Bank of America-Merrill Lynch (BAML) released its latest Global Fund Manager Survey earlier this week, capturing the views of hundreds of money managers on the current state of financial markets.
It always provides a few talking points, and is often seen a contrarian indicator as to what will happen next.
Here’s a few of the interesting charts that were contained in the latest report, looking specifically at the biggest risks for markets, the most crowded trades along with their view on the outlook for the global economy and inflation.
The first show what fund managers think are the biggest risks to global markets at present.
Replacing a rout in bond markets, a policy misstep from either the US Federal Reserve or the European Central Bank (ECB) is now deemed to be the biggest risk to financial markets, although a bond rout or geopolitical concerns are also seen as tail risks among many fund managers.
A policy misstep likely reflects that the Fed and ECB are both likely to continue or begin monetary policy normalisation in the coming months, despite ongoing weakness in global inflationary pressures.
The next chart shows what outcomes would be the most surprising for markets over the next six months.
A net 49% of fundies believe that the most surprising outcome over the next six months would be a global recession, an outcome that likely reflects continued strength in most economic indicators outside of inflation at present.
And here’s what fund managers believe are the most crowded trades right now.
For a fourth consecutive month, being long US tech stocks was regarded as being the most crowded trade at 31%, although being short the US dollar was a new entrant to the list with 21%.
Both have had strong moves so far this year, with recent moves in each suggesting that lopsided positioning may be adding to the risk of a reversal in the period ahead.
The final chart shows what conditions are likely to prevail across the global economy over the next 12 months.
Despite the risks, it’s clear that fund managers are growing increasingly confident on the global economic outlook.

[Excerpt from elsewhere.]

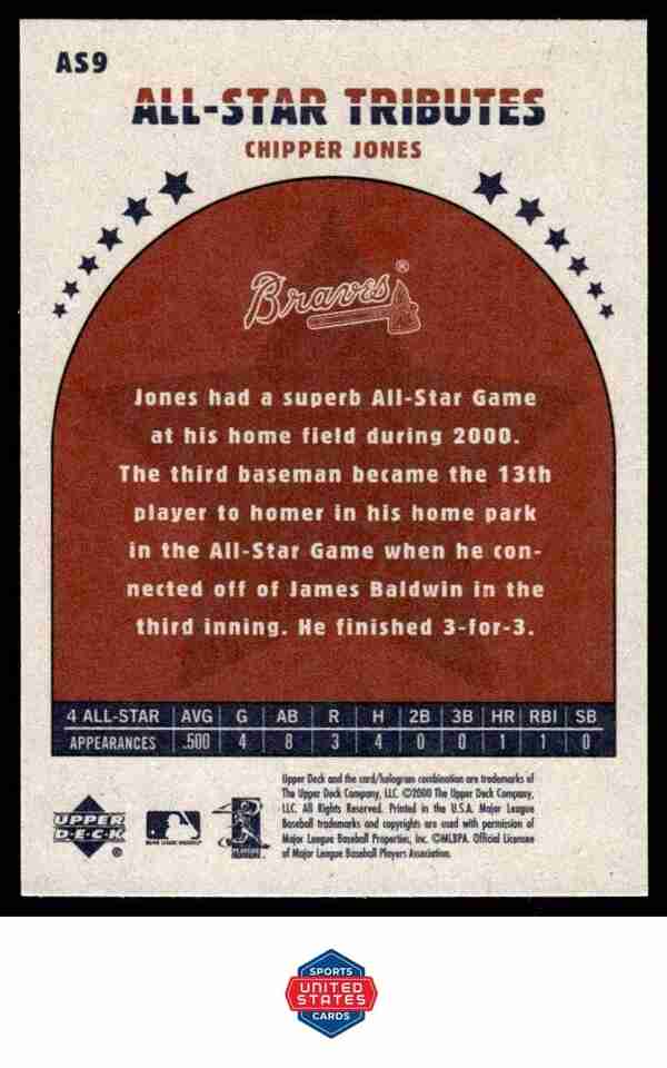 2001 Upper Deck Vintage #AS9 Chipper Jones All-Star Tributes
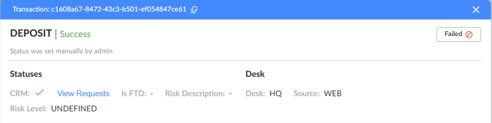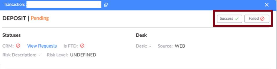 Click on a transaction record to open a popup with additional details. If the transaction status is "Pending," you can manually update it by clicking either the Success or Failed button.

A significant 42% expect a “Goldilocks” scenario — where growth is above trend but inflation lower than normal — to prevail over the next 12 months.
Such an scenario is seen as ideal for riskier assets given the likelihood that easy monetary policy settings will be maintained.
Although an increasing number expect a “Goldilocks” outcome, a slim majority of 46% still expect that “secular stagnation” will occur where both growth and inflation will remain lower than usual.
As witnessed over the past decade, that too has generally helped to spur gains across financial markets.